Skip every picture while you write out the records below, from the first line through the one that contains "and @phoneticryel ! 🫧🌟", both ends kept.
_ _ _ _ _ _ _
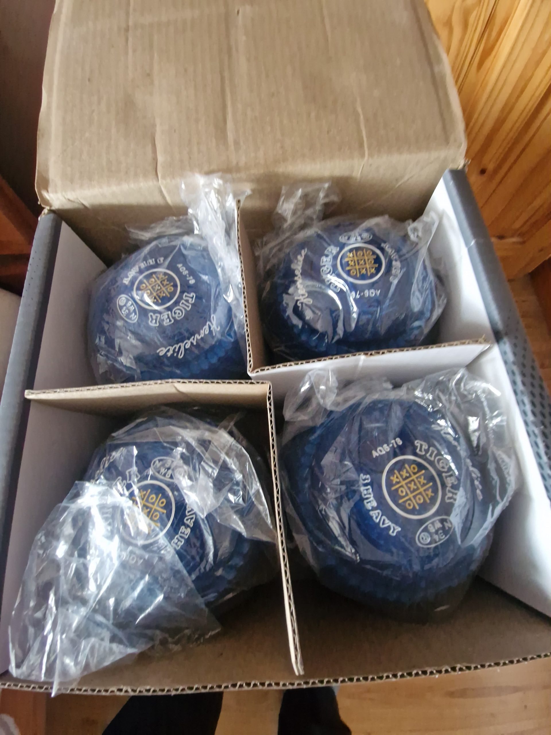 Item: Set of 4 x Bowls, Hensalite Tiger, size 3 Heavy, Midnight Blue. Mega Gripped
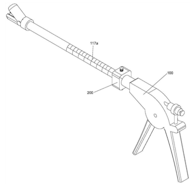 本实用新型涉及一种活检钳,具体地说,涉及一种可量度深度的活检钳。其包括固定装置和设置于固定装置一侧的定位装置,固定装置包括切割机构,切割机构的内部设有同步机构,切割机构包括固定板,固定板的顶端固定连接有伸入杆,伸入杆的内部开设有贯穿伸入杆的通槽。本实用新型设计在对患者的肿瘤进行切除之前能够将切割底座和切割块的位置固定住,避免其发生滑动导致对患者造成进一步伤害,同时在肿瘤处有液体堆积时能够直接将其吸取出来,不需要再使用吸取装置将其吸出来,大大减少医生对患者治疗时花费的时间,避免对患者造成额外伤害的同时减少治疗时间,提高治疗效果
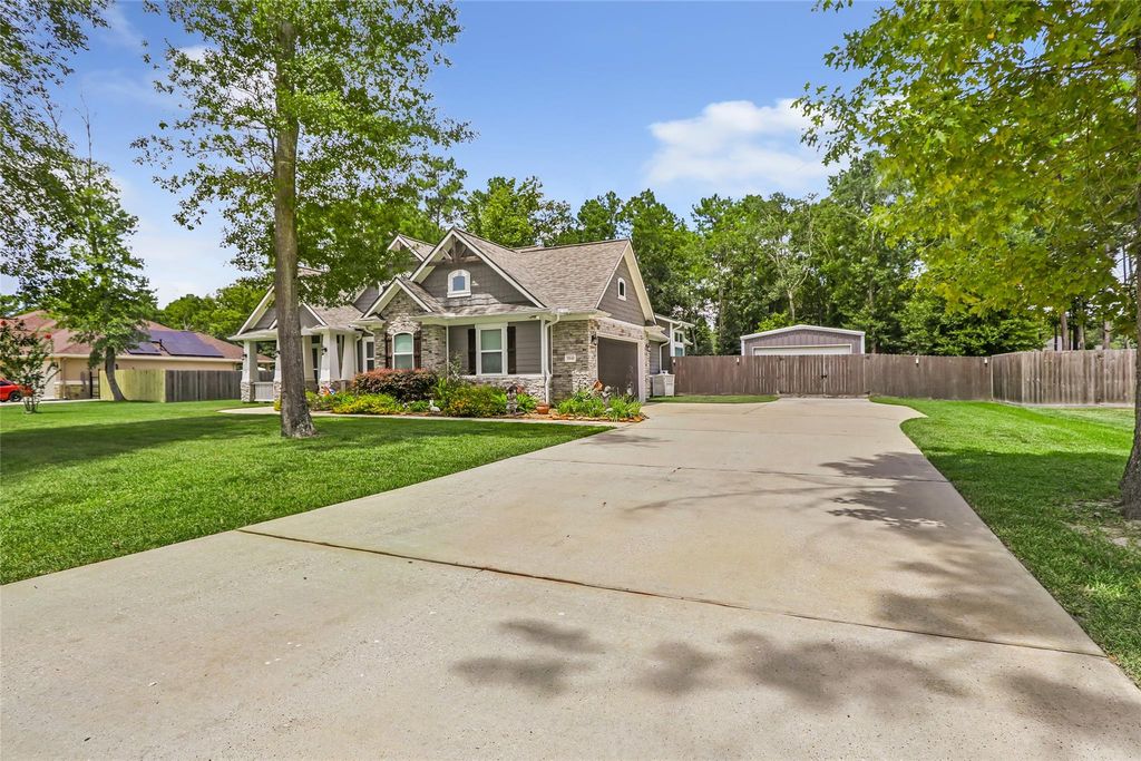 Stunning custom home that shows like a model home inside and out! Meticulously maintained home on 1 acre PLUS at 1500 SF workshop! The wow factor starts with the front porch - you will enjoy decorating for all the holidays! Whether you work from home full time or just manage the family you will love this home office! Open family room with custom built ins, wood burning stone fireplace. Chef's dream kitchen features island for storage and prep, granite counters, under mount lights, cooktop with pot filler, stainless appliances and walk in pantry. Dining room with lots of windows and back yard view; owner's retreat located in rear of home features HUGE spa-like bath with separate sinks/vanity area, soaking tub, shower and amazing walk in closet with direct access to the utility room; utility room has sink and lots of storage; secondary beds and bath on opposite side; 20x30 workshop is 10' tall with electrical and roof insulation; water softener; new roof; tile flooring through main areas
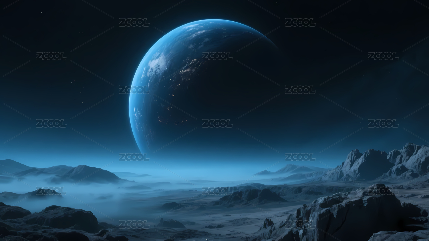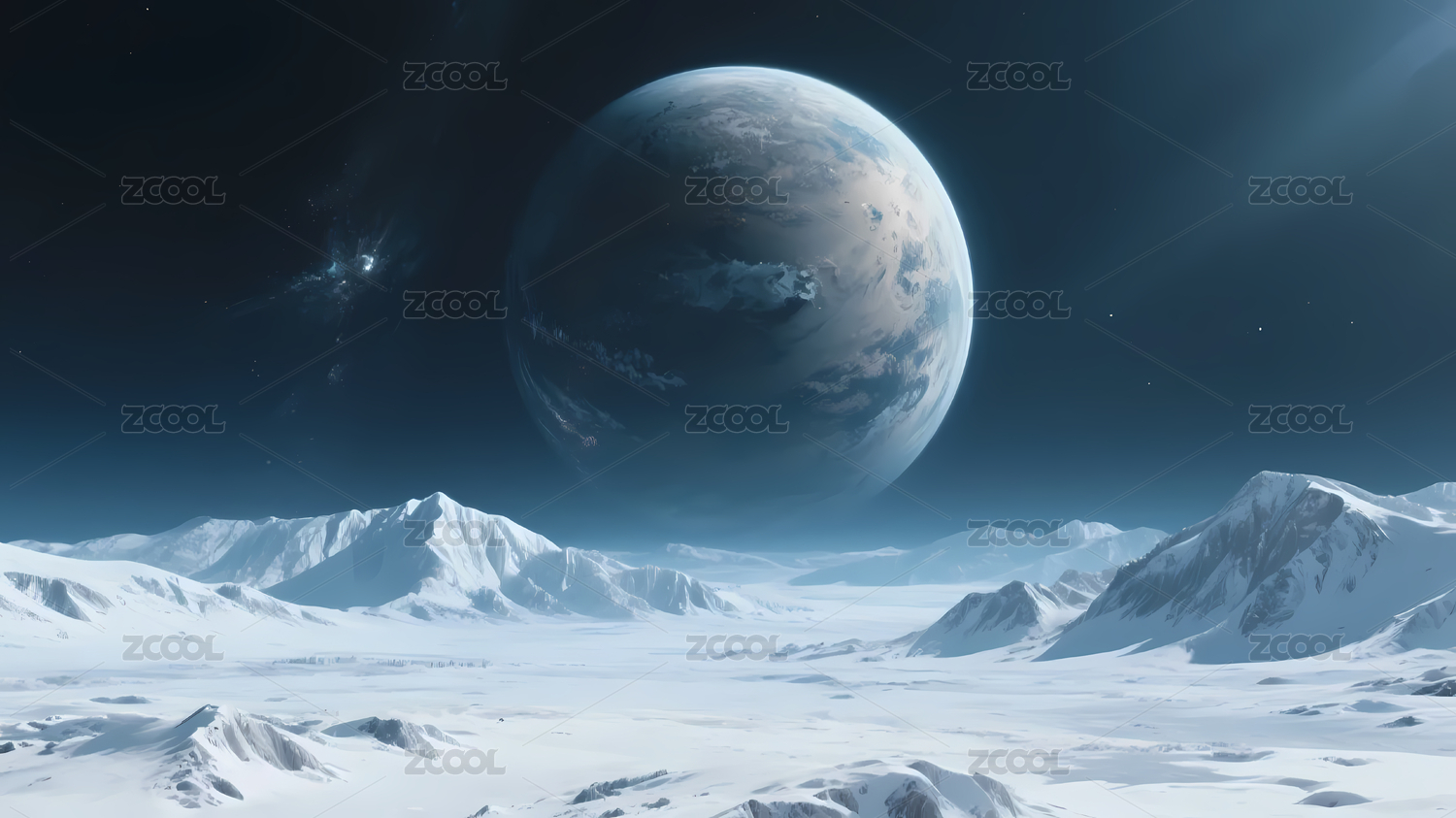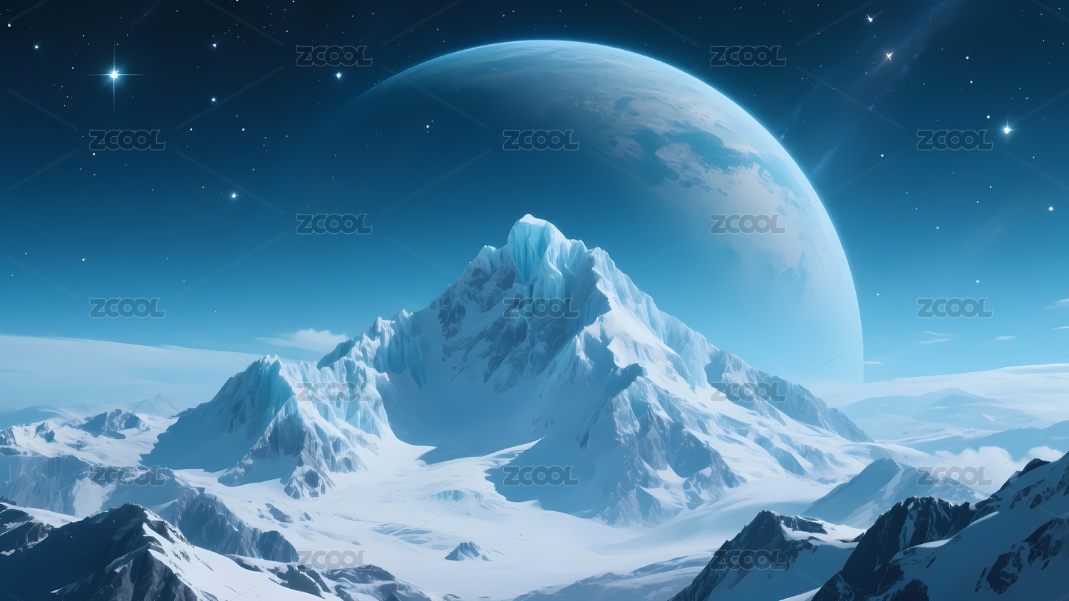 蓝色,背景,黑色,白色,神秘,星球,宇宙,雪山,深邃,壮丽
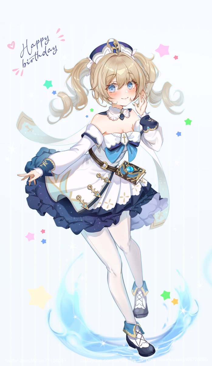 "Tada! Barbara is here~ Leave the healing to me, I will not disappoint you!" Happy Birthday to our darling deaconess, Barbara! ☆ ~('▽^人) #バーバラ生誕祭2022 #GenshinImpact #原神 Art by @rmmadedis and @phoneticryel ! 🫧🌟
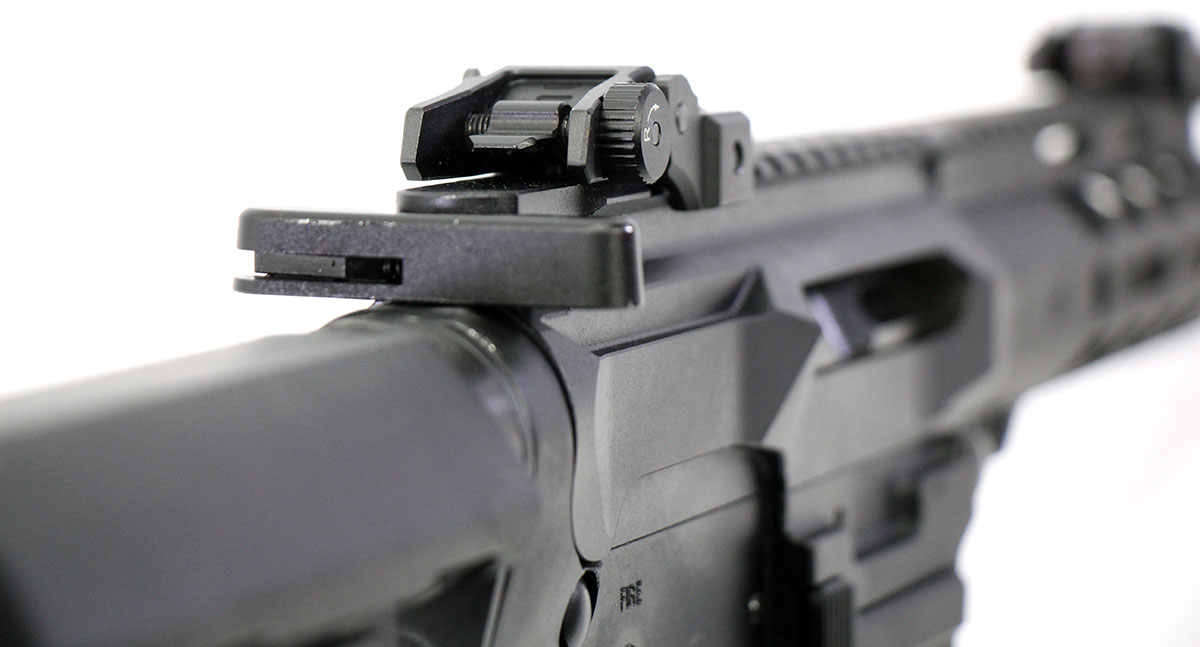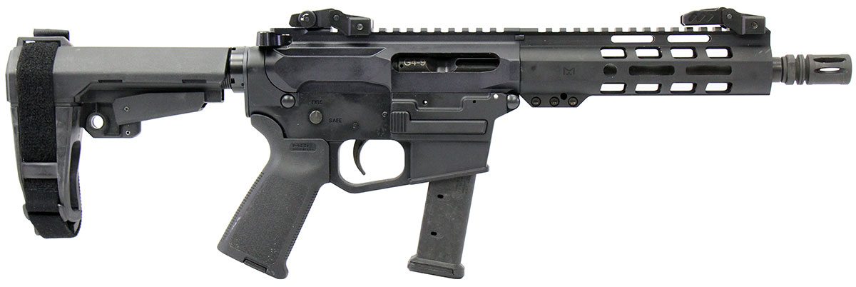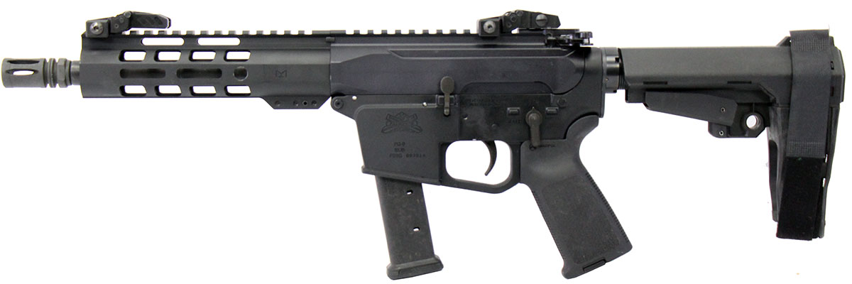 This is a used Palmetto State Armory PG-9 AR pistol chambered in 9mm. It features an 8-inch barrel, 21-round magazine, folding sights, M-LOK handguard, and SBA3 pistol brace. Overall, this PSA is in good condition with normal use wear on the receiver. This would be a good choice for recreational target shooting. Buy online today!
_ _ _ _ _ _ _
RESPONSE AREA —
 Item: Set of 4 x Bowls, Hensalite Tiger, size 3 Heavy, Midnight Blue. Mega Gripped
 本实用新型涉及一种活检钳,具体地说,涉及一种可量度深度的活检钳。其包括固定装置和设置于固定装置一侧的定位装置,固定装置包括切割机构,切割机构的内部设有同步机构,切割机构包括固定板,固定板的顶端固定连接有伸入杆,伸入杆的内部开设有贯穿伸入杆的通槽。本实用新型设计在对患者的肿瘤进行切除之前能够将切割底座和切割块的位置固定住,避免其发生滑动导致对患者造成进一步伤害,同时在肿瘤处有液体堆积时能够直接将其吸取出来,不需要再使用吸取装置将其吸出来,大大减少医生对患者治疗时花费的时间,避免对患者造成额外伤害的同时减少治疗时间,提高治疗效果
 Stunning custom home that shows like a model home inside and out! Meticulously maintained home on 1 acre PLUS at 1500 SF workshop! The wow factor starts with the front porch - you will enjoy decorating for all the holidays! Whether you work from home full time or just manage the family you will love this home office! Open family room with custom built ins, wood burning stone fireplace. Chef's dream kitchen features island for storage and prep, granite counters, under mount lights, cooktop with pot filler, stainless appliances and walk in pantry. Dining room with lots of windows and back yard view; owner's retreat located in rear of home features HUGE spa-like bath with separate sinks/vanity area, soaking tub, shower and amazing walk in closet with direct access to the utility room; utility room has sink and lots of storage; secondary beds and bath on opposite side; 20x30 workshop is 10' tall with electrical and roof insulation; water softener; new roof; tile flooring through main areas
 蓝色,背景,黑色,白色,神秘,星球,宇宙,雪山,深邃,壮丽
 "Tada! Barbara is here~ Leave the healing to me, I will not disappoint you!" Happy Birthday to our darling deaconess, Barbara! ☆ ~('▽^人) #バーバラ生誕祭2022 #GenshinImpact #原神 Art by @rmmadedis and @phoneticryel ! 🫧🌟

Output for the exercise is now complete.